When the DOJ announced that it was sending election monitors to polling sites in multiple states for the 2022 midterm elections, Florida and Missouri said that the department employees would not be permitted to observe the polls. Now, eight other states have said that they will also not allow DOJ election monitors to enter polling sites during the election this November, with some saying that banning them prevents federal interference in elections.

Unfortunately, those States are entirely justified in barring officials of a “Justice” Department that accuses traditional Catholics of being right-wing extremists and treats mothers objecting to wokeism in their children’s schools as domestic terrorists, and that routinely lies to the FISA court in its pursuit of surveillance warrants against American citizens, that pursues cases in Article III courts seeking to overturn voter-protection laws, and that has run guns to Mexican drug cartels.

It’s also the case that today’s Progressive-Democrat nominated and populated DoJ is substantially the same as the post-2008 elections Progressive-Democrat nominated and populated DoJ (the names are different, but the bias and the ideology are the same) that refused to prosecute two members of the New Black Panther Party who were engaged in armed voter intimidation at the entrance to a Philadelphia polling station.

This is an indication of how far the believability of the DoJ has deteriorated.

Backwards

The arrogance of the Biden-Garland DoJ is on full display with its continued refusal to provide the audio tapes of the Hur-Joe Biden interviews.

The Biden-Garland refusal, through Garland’s Assistant Attorney General Carlos Uriarte, in their letter to the House Judiciary and Oversight Committees that require the tapes:

We have repeatedly invited the Committees to identify how these audio recordings from law enforcement files would serve the purposes for which you say you want them[.]
We have also repeatedly urged the Committees to avoid unnecessary conflict and to respect the public interest in the Department’s ability to conduct effective investigations by protecting sensitive law enforcement files. The Committees have repeatedly failed to explain your needs or to demonstrate respect for the Department’s law enforcement functions[.]

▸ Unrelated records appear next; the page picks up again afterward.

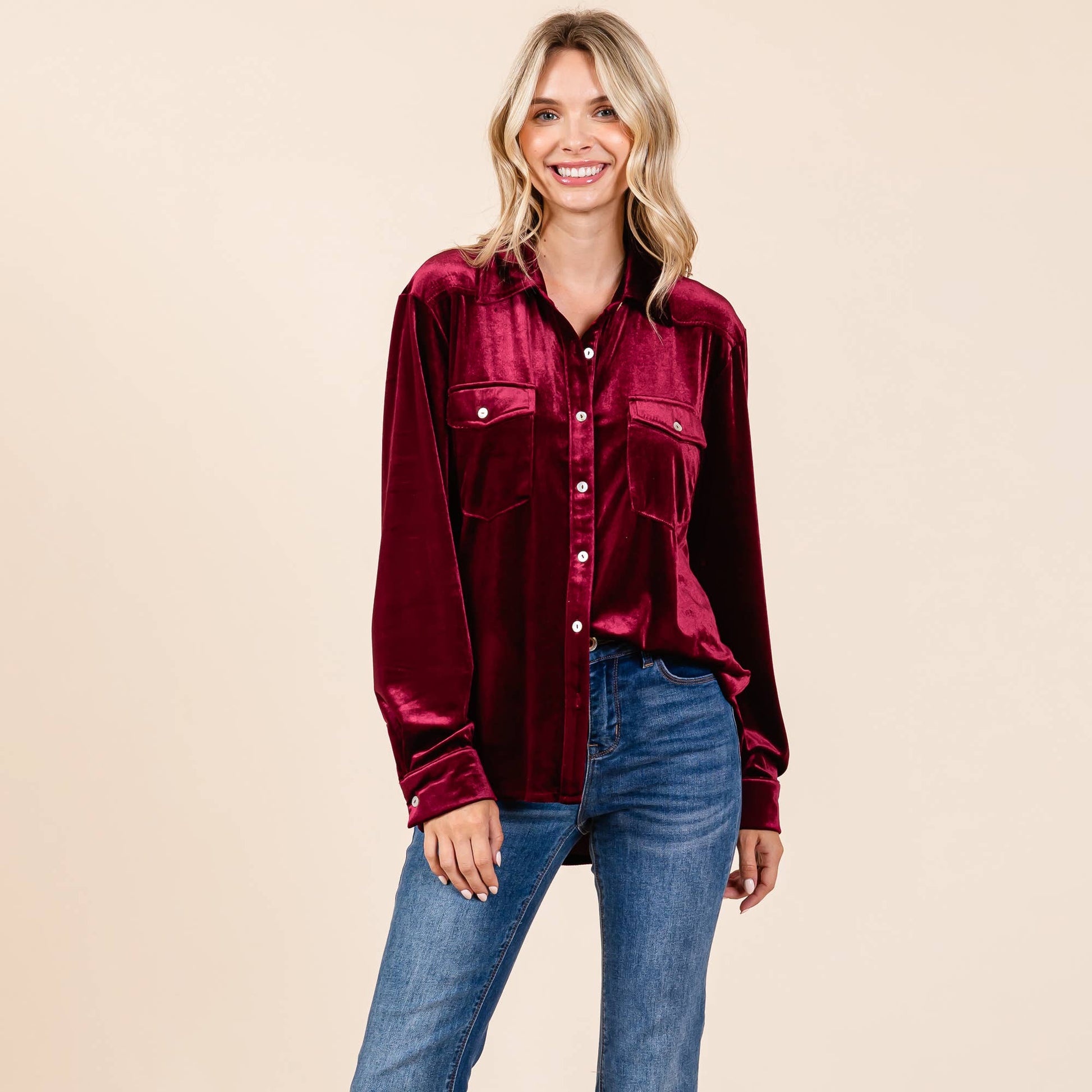 Christy Collared Velvet Blouse
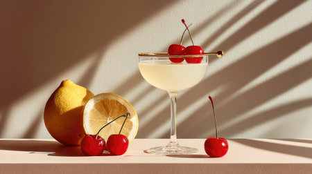 A refreshing cocktail is presented with fresh cherries and lemon, set against a soft, light-toned backdrop. The composition features a clear glass, with a decorative garnish, in a studio-like environment. This image could be suitable for lifestyle, beverage, or food-related commercial applications.
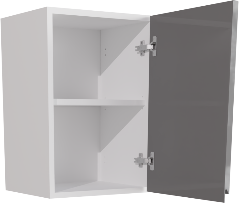 This is a 400mm handleless gloss dust grey short kitchen wall unit (575mm High). It is a short wall cabinet with a high gloss jayline dust grey kitchen door and two soft close hinges. It also includes the wall hanging brackets.
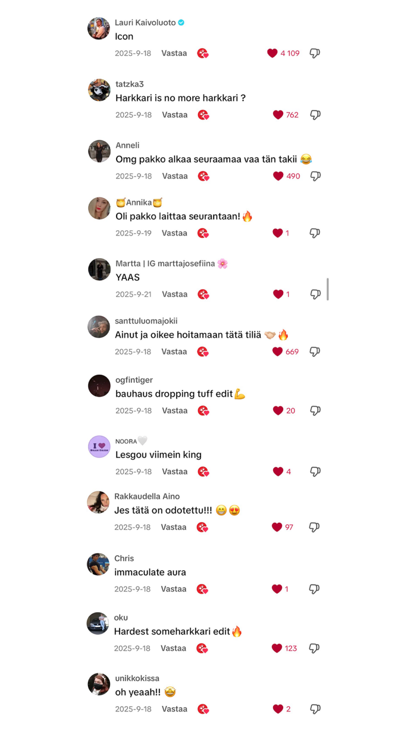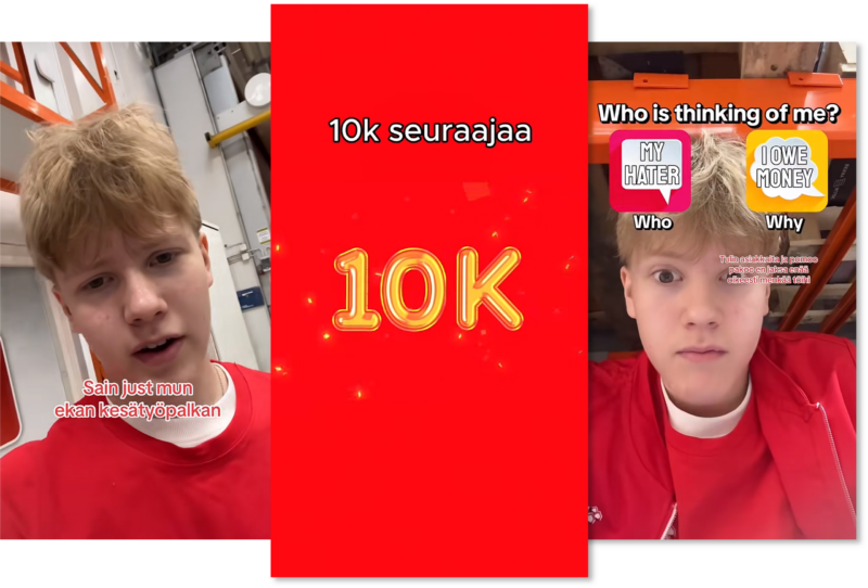 Toteutuksessa panostimme vahvasti autenttisuuteen. Rakensimme sisältöä siten, että TikTokin algoritmi ja käyttäjäkokemus ohjasivat tekemistä. Perehdyimme kohderyhmän FYPiin ja hyödynsimme sieltä poimittuja ajankohtaisia ilmiöitä, kuten mopoedittejä, filttereitä ja teinien huumoria, luodaksemme uskottavan ja kanavanatiivin kokonaisuuden. Nappasimme pienimmistäkin nyansseista koppia ja lähdimme luomaan someharkkarista ilmiöitä.
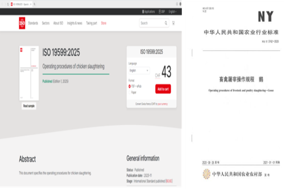 近年来,禽肉已发展成为世界第一大肉类,也是我国增长最快的肉类(其中鸭、鹅肉产量稳居世界第一),是保障居民膳食和优质蛋白的重要来源,关系国计民生。山东省禽肉产量和产品出口居全国第1位,也是全国唯一禽肉产量超过猪肉产量的省份,符合世界肉类消费发展趋势。但在快速集约化转型过程中,禽肉原料普遍出现品质差、损耗大的产业问题,严重影响下游加工产品品质和企业效益,团队从一开始就对此聚焦并联合国家肉鸡和水禽产业技术体系相关专家开展攻关,创新提出引起行业关注的“福利屠宰”术语,先后制定发布了地方标准《肉鸡福利屠宰技术规范》(获2017 年山东省畜牧业主推技术)、《肉鸭福利屠宰技术规程》、《肉鸡宰前电致晕技术规范》,行业标准《畜禽屠宰操作规程 鹅》、《畜禽肉分割技术规程 鹅肉》、《畜禽肉分割技术规程 鸭肉》、《冷却肉加工及流通技术规范》,国家标准《畜禽肉追溯要求》、《食品微生物学检验 肉与肉制品采样和检样处理》,ISO国际标准《Operating procedures of chicken slaughtering》等,在省内外肉禽屠宰企业推广应用,显著保障了原料禽肉品质,提升了企业效益。目前正在制定/修订的还有行业标准《鸡木质肉的检测方法》、《食用禽血》、《冷却肉评定技术规范》、《鸭肉等级规格》,国家标准《鲜、冻禽产品》,ISO国际标准《Operating procedures of duck slaughtering》等。通过持续的系列标准化建设赋能,该团队研究形成鲜明特色并为禽肉加工产业优质原料供给奠定坚实基础。
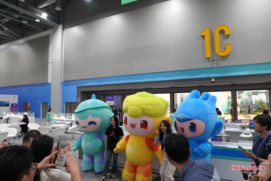 Journalistinnen lassen sich mit den Maskottchen der Asienspiele in Hangzhou fotografieren. (Foto: Wang Yiming/China.org.cn)
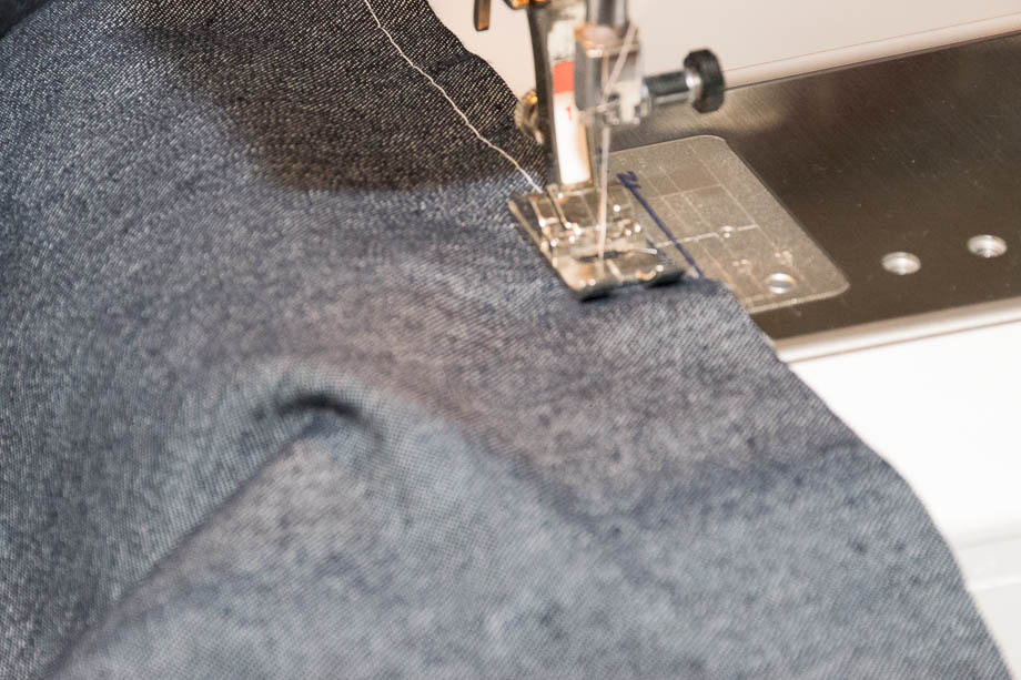 Sew the pocket lining to the pant along the opening curve with the right sides facing together. Repeat with the other side. Turn right side out (so the pocket lining is now on the back/wrong side of the pant and you see the pant part) and top stitch.
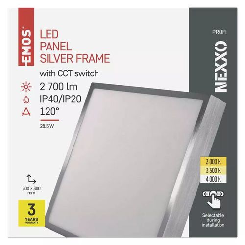 LED přisazené svítidlo NEXXO, čtvercové, stříbrné, 28,5W, se změnou CCT
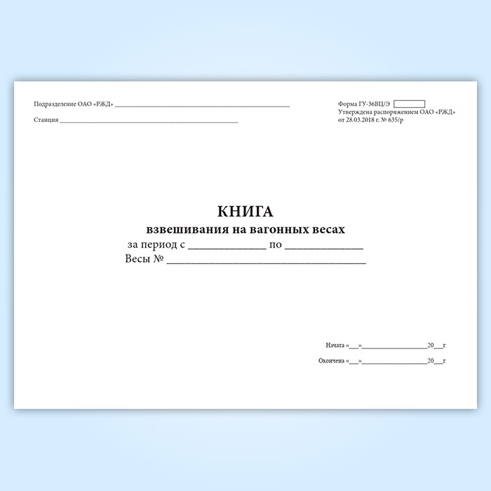 Книга взвешивания на вагонных весах (форма ГУ-36ВЦ/Э) в Фрязино купить
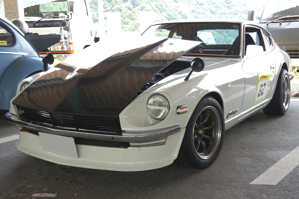 ニッサン・フェアレディZ(1976年式・S30)愛車紹介69台目 ニッサン 2017年08月29日 0 今回紹介する車両は「ドンキホーテジムカーナ2017」にエントリーされていたニッサン・フェアレディZです。 年式:1976年式型式:S30 フェアレディZ は1969年から1978年に発売されました。ジャガーやポルシェ並みのスペックと美しいデザインに加え廉価であったことから、北米市場を中心に大ヒットしました。約10年に渡って生産され、日本国内の販売台数は8万台、世界総販売台数ともなると55万台という、当時のスポーツカーとしては空前絶後の記録でした。日本国内でのみフェアレディZと名付けられ通称Zとして呼ばれています。北米ではニッサンブランドではなくダットサンブランドでした。ダットサンはDATSUNと表記されDATSUN Zとして販売されました。現地ではダッツンと呼ばれたため、「ダッツン・ズィー」の愛称で親しまれ、Z好きのオーナーからはZ-CAR(ズィー・カー)とも呼ばれています。日産自動車の輸出モデルである「DATSUN」を世界に知らしめた車です。漫画『湾岸ミッドナイト』では主人公の朝倉アキオが乗るZは、ミッドナイトブルー色のボディと、「狂おしく、身を捩るような」気味の悪い走りからの「悪魔のZ」と恐れられました。他にも『シャコタン☆ブギ』のアキラが乗る「240Z(240は排気量2400ccの意味)」、『よろしくメカドック』では「ナベさんのZ」、『GTroman』では「Z432(432は4バルブ、3キャブレター、2カムシャフトの意味)」等、多くの漫画に登場し人気でした。 愛媛県四国中央市よりエントリーされていました。3.1リッターフルチューンということでした。
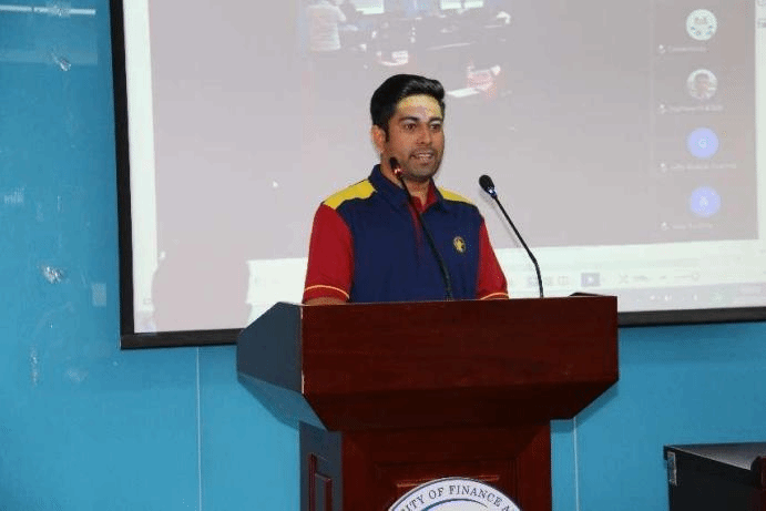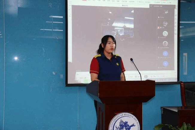 教师发言结束后,老生代表2021级区域经济学学生温鹏发言,代表2021级全体学生欢迎新同学的到来。他以切身体会为例,希望同学们能够珍惜校园时光,在积极竞争的同时要做好规划,承担起新时代青年的责任和担当。温鹏发言完毕后,2022级区域经济学新生代表李雨珊、2022级硕士留学生代表吴芳菲ISATOU TRAWALLY、2022级博士留学生代表王伟RIZWAN AKHTAR JAMSHEED依次上台发言,对未来几年的研究生生涯进行了展望和规划,他们均提到作为研究生应当明确目标,自主创新,在学术领域内积极探索;应当博采众长,厚积薄发,积极向优秀的老师及同学学习;应当修身立德,志存高远,秉持“厚德载物、守正出新”的院训,做一个有理想有担当的中财人。

Nor Congress nor any of its committees have any obligation to satisfy the demands of the DoJ. The obligation runs in the opposite direction: the DoJ must satisfy the Congress and its committees of the reasons why it cannot—not does not want to, but cannot—turn over the materials called for by the Congress or any of its committees.

If Biden-Garland are truly interested in avoiding unnecessary conflict, they will instruct the DoJ to stop forcing one and turn over the tapes. If they continue to refuse, then the House Judiciary and Oversight Committees must formally subpoena the tapes, if they have not already, promptly move to hold AG Merrick Garland in contempt of Congress over this refusal, and then withhold funding, including salaries, from the Office of the Attorney General and from the White House Office until the contempt is satisfied.

Regarding respect for the Department’s law enforcement functions, this is especially risible. If the Biden-Garland DoJ wants to be respected and wants its law enforcement functions to be respected, they must behave respectably. The former would begin by turning over the tapes without any further stalling. The latter cannot begin to behave respectably until there’s a complete replacement of those functions’ top managers, teams that variously lie to or condone lying to FISA courts, and who have accused traditional Catholics of dangerous extremism, accused mothers objecting to school board woke policies of being terrorists, and on and on.